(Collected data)
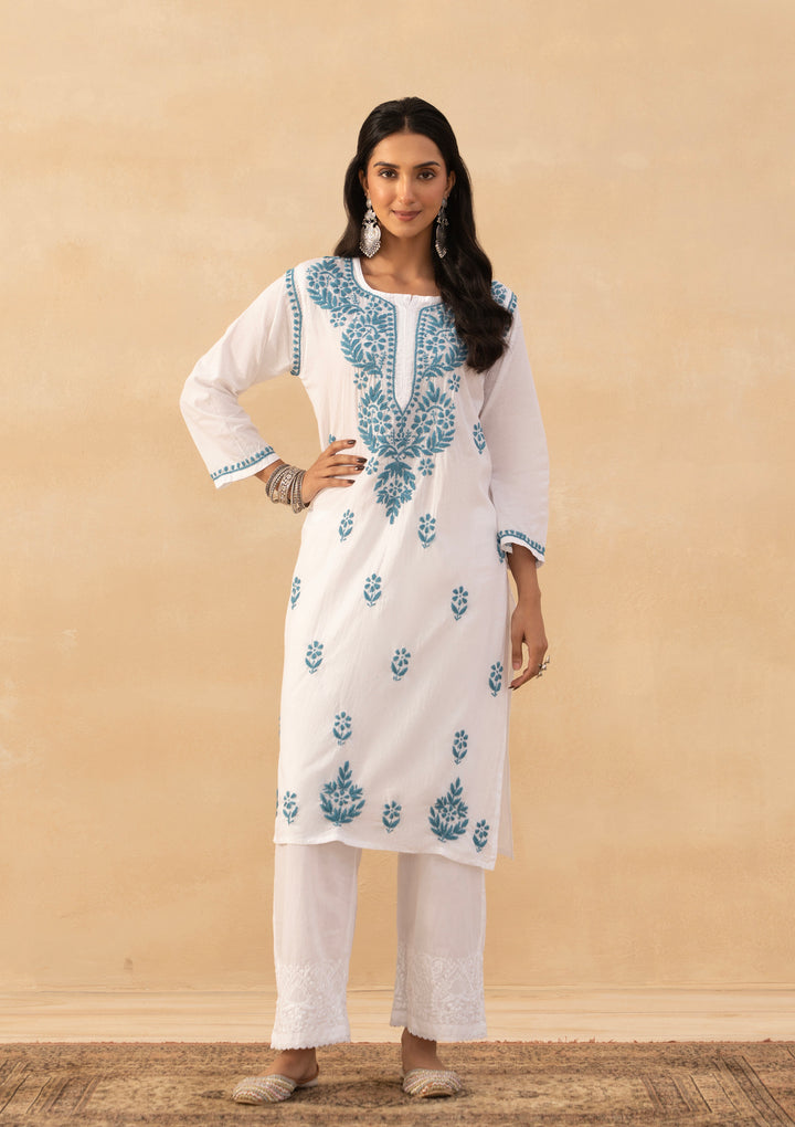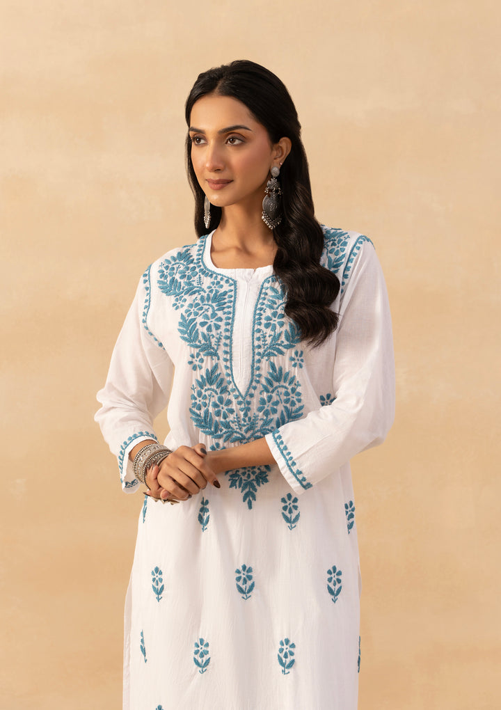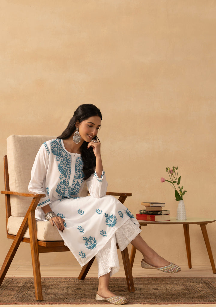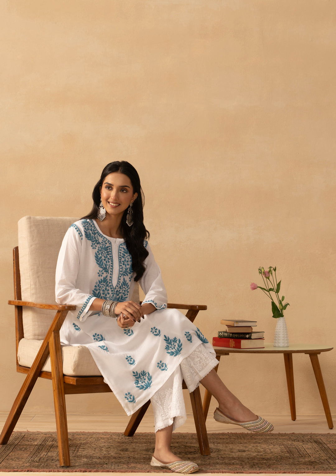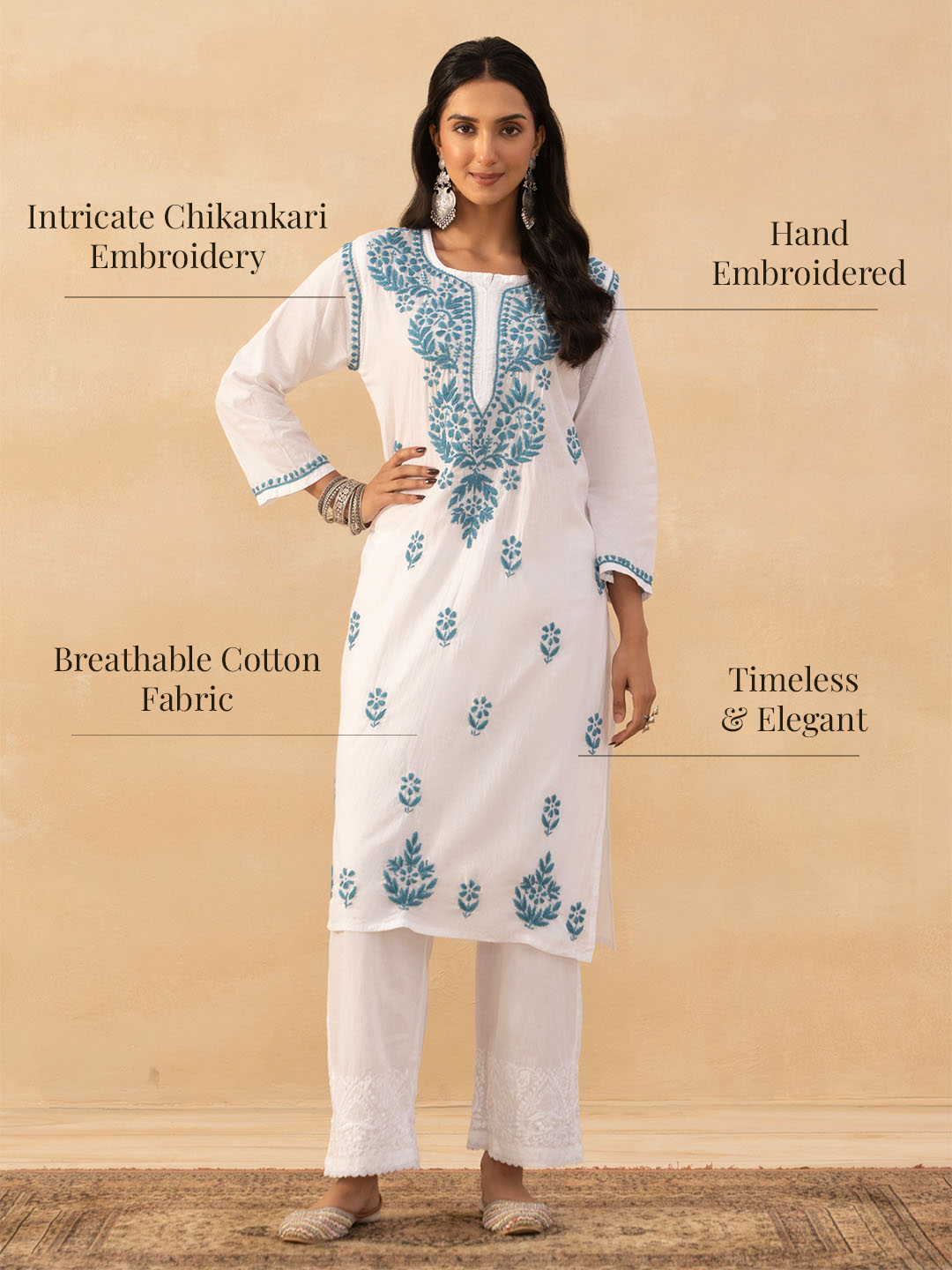HOC Cotton Chikankari Solid Women's Long Kurta -White
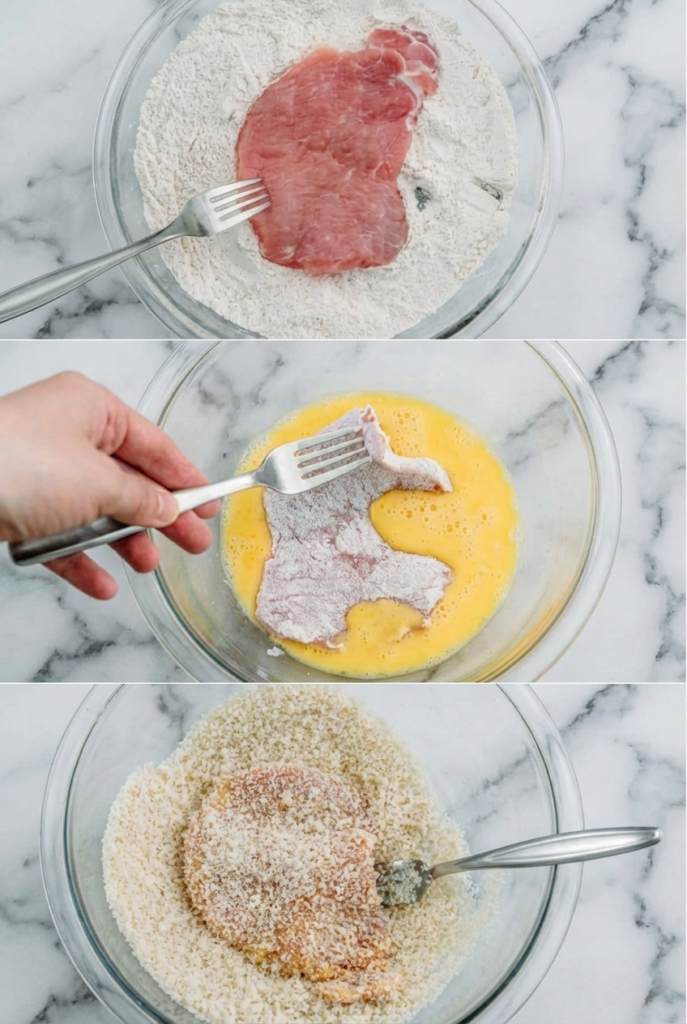 Dredge each pork cutlet in flour, shaking off excess. Dip into the eggs, then coat thoroughly in breadcrumbs. Press gently so the crumbs stick.
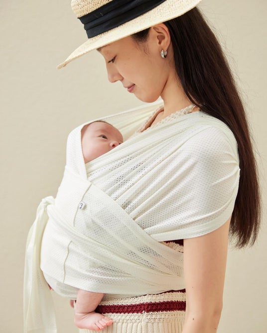 「コニー抱っこ紐 FLEX AirMesh(TM)」:夏場の抱っこもより快適に。ぐっすりねんね。通気性に優れたAirMesh素材を使用した抱っこ紐。接触冷感、抗菌防臭機能で、より快適に。
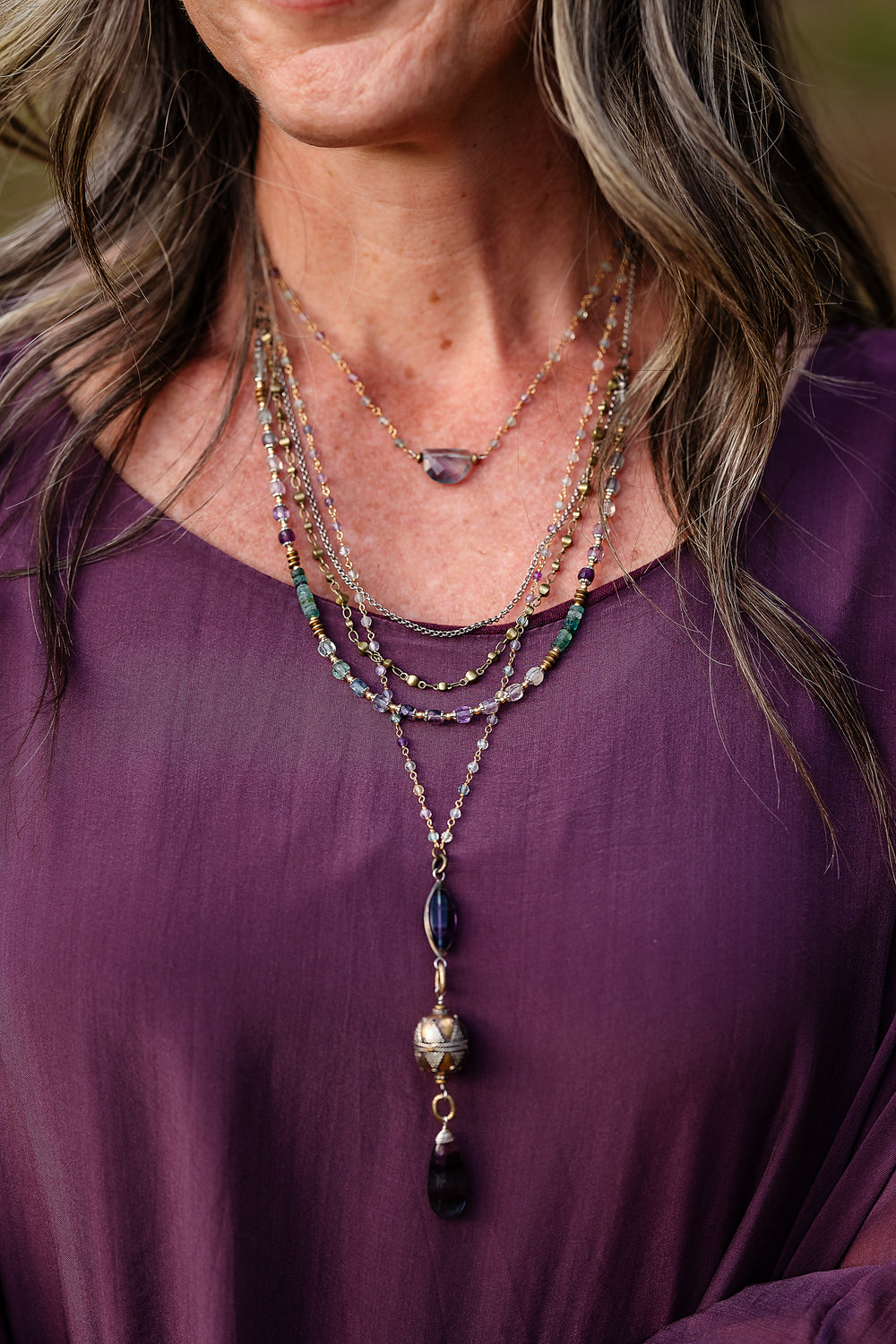 Aspire 19.5-21.5"Fluorite, Roman Glass Multistrand Necklace
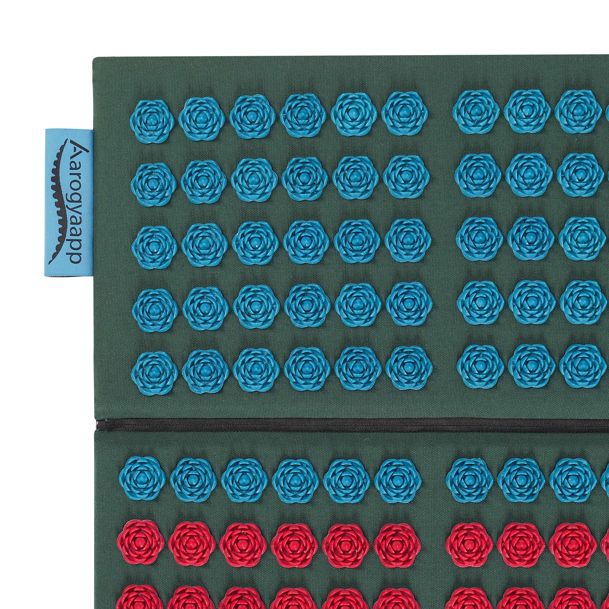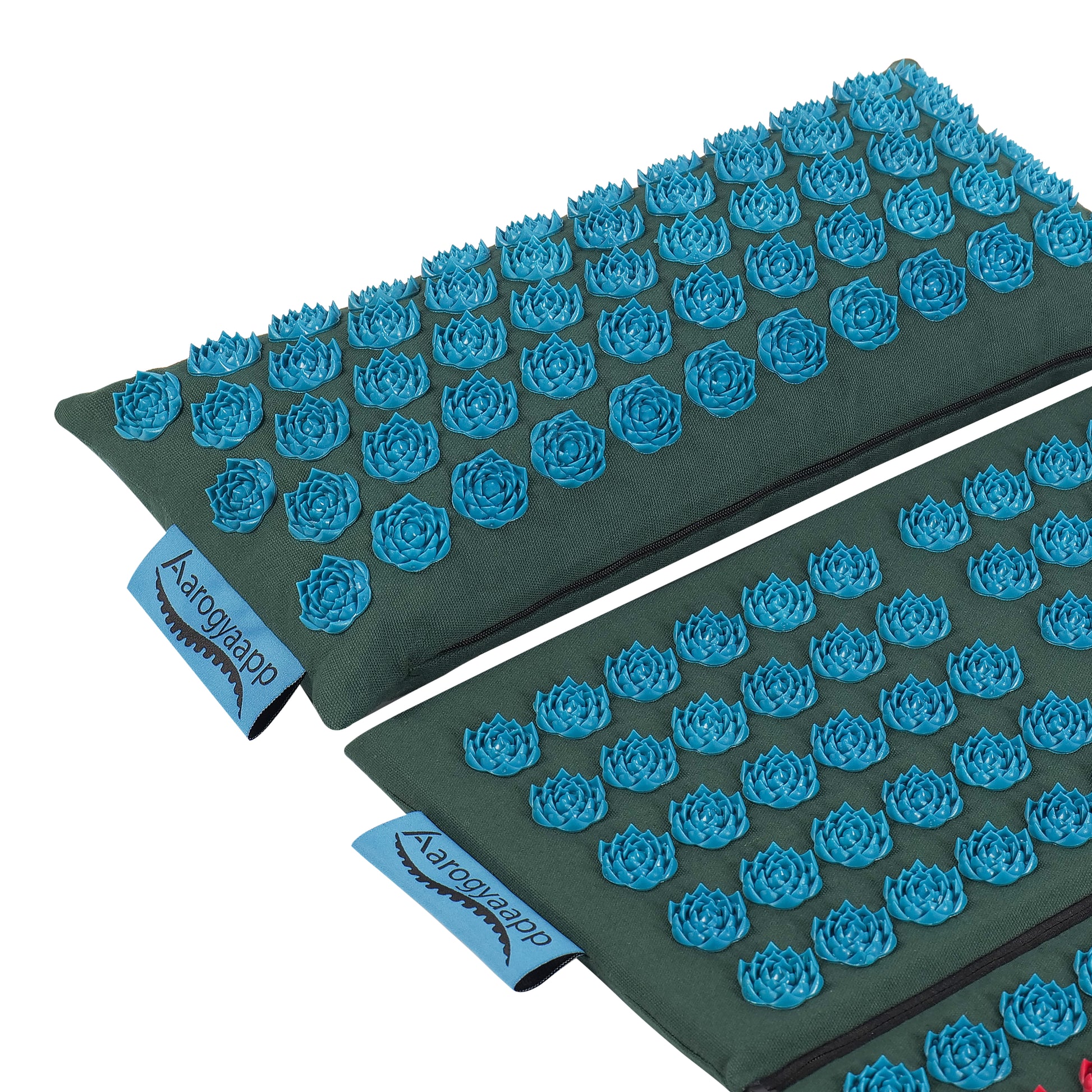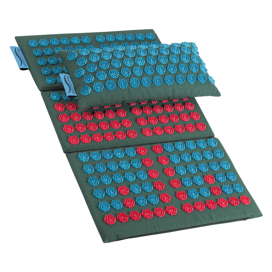 Experience deep, natural healing with our Premium Forest Green Acupressure Mat & Pillow Set with Teal Blue & Red Lotus Points, designed to activate vital pressure zones across your back, neck, and body. The multi-colour lotus-shaped acupressure nodes are scientifically arranged to stimulate nerve endings, improve circulation, and release muscle tension naturally.
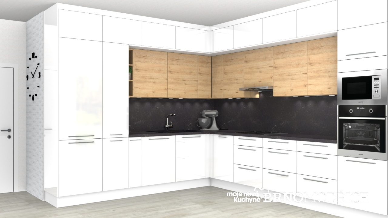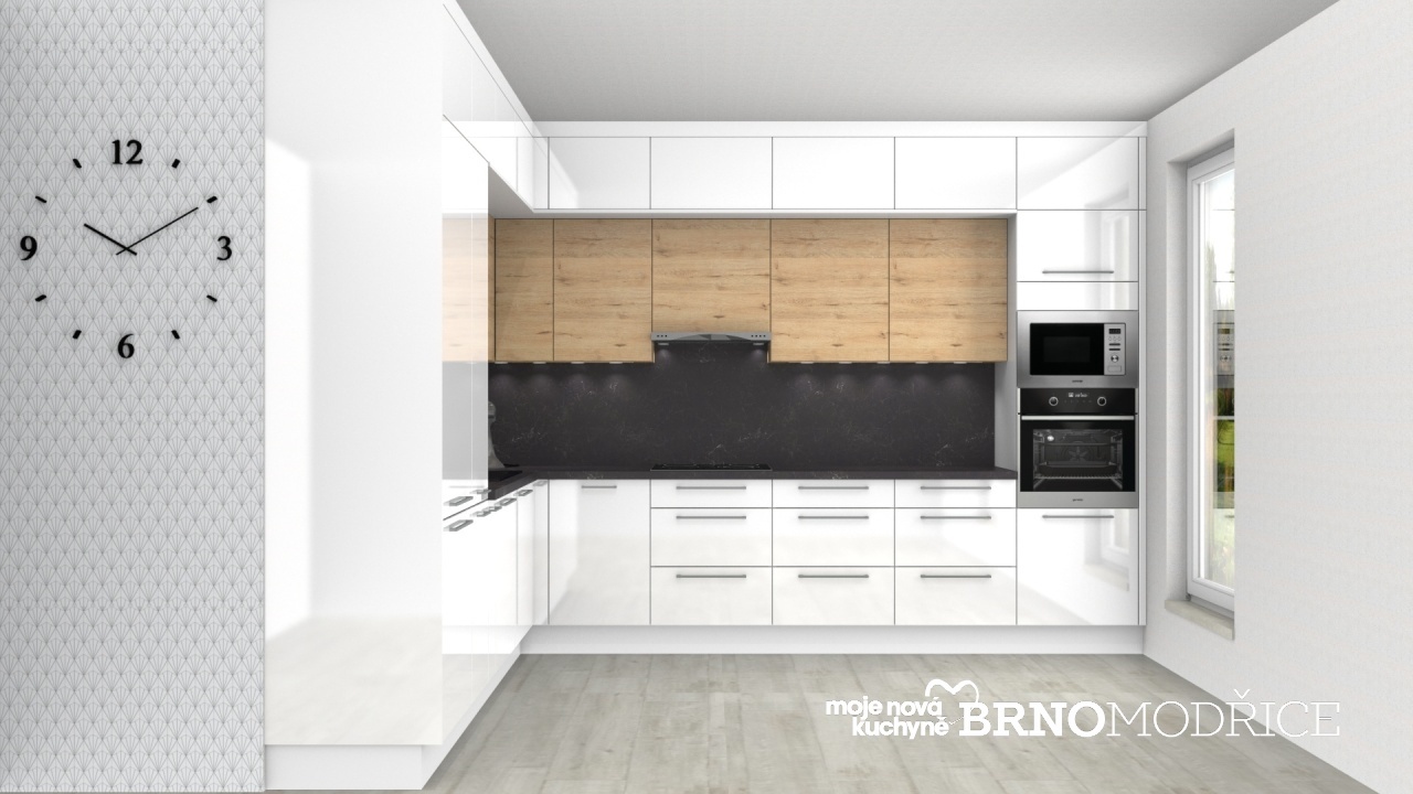 Kuchyňskou linku rámuje z jedné strany vysoká skříň pro vestavnou lednici a spížka s vnitřními výsuvy. Z druhé strany vysoká skříň pro troubu a mikrovlnnou troubu.
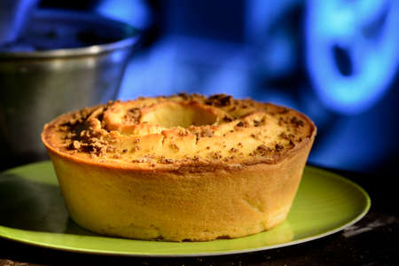 Homemade apple cake on a blue wooden background. Selective focus.
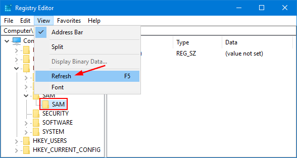 Now, back to the Registry Editor window. Select the SAM key in the left pane and press F5 to refresh registry.
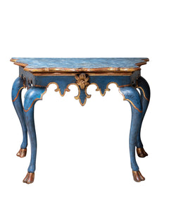 Console bleu et dorée en bois sculpté. Italie. XVIIIème siècle

* ABOUT THIS EXERCISE
Could you transcribe the records above exactly, leaving every picture out?

* ANSWER BOX
HOC Cotton Chikankari Solid Women's Long Kurta -White
 Dredge each pork cutlet in flour, shaking off excess. Dip into the eggs, then coat thoroughly in breadcrumbs. Press gently so the crumbs stick.
 「コニー抱っこ紐 FLEX AirMesh(TM)」:夏場の抱っこもより快適に。ぐっすりねんね。通気性に優れたAirMesh素材を使用した抱っこ紐。接触冷感、抗菌防臭機能で、より快適に。
 Aspire 19.5-21.5"Fluorite, Roman Glass Multistrand Necklace
 Experience deep, natural healing with our Premium Forest Green Acupressure Mat & Pillow Set with Teal Blue & Red Lotus Points, designed to activate vital pressure zones across your back, neck, and body. The multi-colour lotus-shaped acupressure nodes are scientifically arranged to stimulate nerve endings, improve circulation, and release muscle tension naturally.
 Kuchyňskou linku rámuje z jedné strany vysoká skříň pro vestavnou lednici a spížka s vnitřními výsuvy. Z druhé strany vysoká skříň pro troubu a mikrovlnnou troubu.
 Homemade apple cake on a blue wooden background. Selective focus.
 Now, back to the Registry Editor window. Select the SAM key in the left pane and press F5 to refresh registry.
 Console bleu et dorée en bois sculpté. Italie. XVIIIème siècle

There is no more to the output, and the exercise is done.